Albert Gallatin Jenkins (November 10, 1830 – May 21, 1864) was a Virginia attorney, planter, slaveholder, politician and soldier from what would become West Virginia during the American Civil War. He served in the United States Congress and later the First Confederate Congress. After Virginia's secession, Jenkins raised a company of partisan rangers and rose to become a Confederate brigadier general, commanding a brigade of cavalry. Wounded at the Battle of Gettysburg and again during the Confederate loss at the Battle of Cloyd's Mountain (during which he was captured), Jenkins died just 12 days after his arm was amputated by Union surgeons (he was unable to recover). His former home is now operated by the U.S. Army Corps of Engineers.

Early and family life
Jenkins was born to wealthy planter Capt. William Jenkins and his wife Jeanette Grigsby McNutt in Cabell County, in what was then Virginia. After a private education suitable for his class, he attended Marshall Academy when he was fifteen. He graduated from Jefferson College in Canonsburg, Pennsylvania, in 1848 and from Harvard Law School in 1850.

Early career

Admitted to the Virginia bar the same year, Jenkins practiced in Charleston. In 1859, he inherited part of his father's sprawling plantation. He was named a delegate to the Democratic National Convention in Cincinnati in 1856, and was elected as a Democrat to the Thirty-fifth and Thirty-sixth United States Congresses.

Civil War

With the outbreak of the Civil War and Virginia's subsequent secession, Jenkins resigned from Congress in early 1861. He raised a company of mounted partisan rangers, which by June was enrolled in the Confederate Army as a part of the 8th Virginia Cavalry, with Jenkins as its colonel. By the year's end, his men had become such a nuisance to the Federals in western Virginia that military governor Francis H. Pierpont appealed to President Abraham Lincoln to send in a strong leader to stamp out the rebellion in the area. Early in 1862, Jenkins was elected as a delegate to the First Confederate Congress. After promotion to brigadier general on August 1, 1862, he returned to active duty. Throughout the fall, his men harassed Union troops and supply lines, including the vital Baltimore & Ohio Railroad.

In September, Jenkins's cavalry raided northern Kentucky and now West Virginia. They briefly entered extreme southern Ohio across from Ravenswood, West Virginia, becoming one of the first organized Confederate units to enter a Northern state. In December, Robert E. Lee requested that Jenkins and his men transfer to the Shenandoah Valley.

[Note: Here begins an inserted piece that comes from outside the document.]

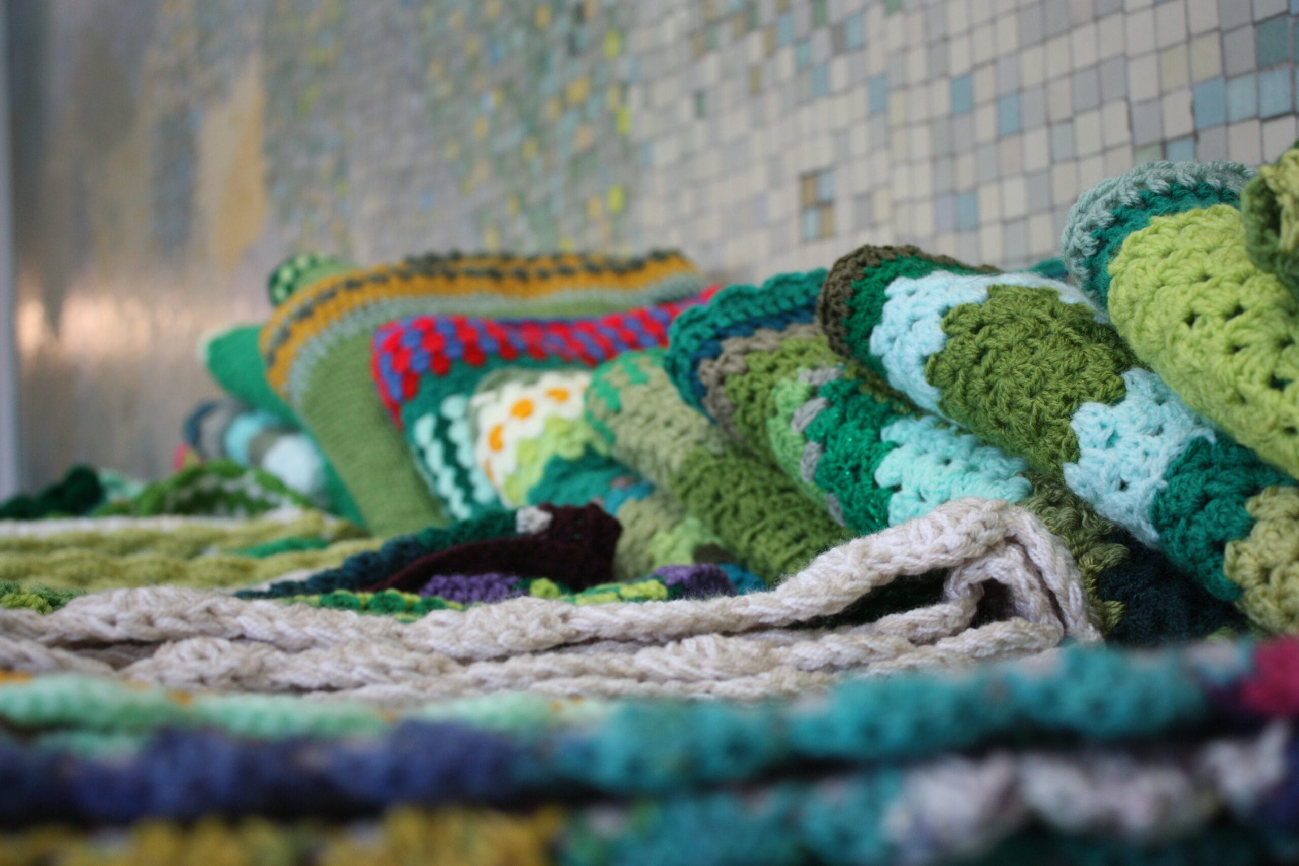 As the blanket needed to be so large, the group decided to do a call out to local people to join in the big knit and were thrilled to receive an influx of donations of green wool and knitted/crocheted squares to add to the blanket.

After spending the winter foraging for supplies, he led his men on a raid in March 1863 through western Virginia, seeking to influence the popular vote which ultimately created the state of West Virginia. During the Gettysburg Campaign, Jenkins' brigade formed the cavalry screen for Richard S. Ewell's Second Corps. Jenkins led his men through the Cumberland Valley into Pennsylvania and seized Chambersburg, burning down nearby railroad structures and bridges. He accompanied Ewell's column to Carlisle, briefly skirmishing with Union militia at the Battle of Sporting Hill near Harrisburg. During the subsequent Battle of Gettysburg, Jenkins was wounded on July 2 and missed the rest of the fighting. He did not recover sufficiently to rejoin his command until fall.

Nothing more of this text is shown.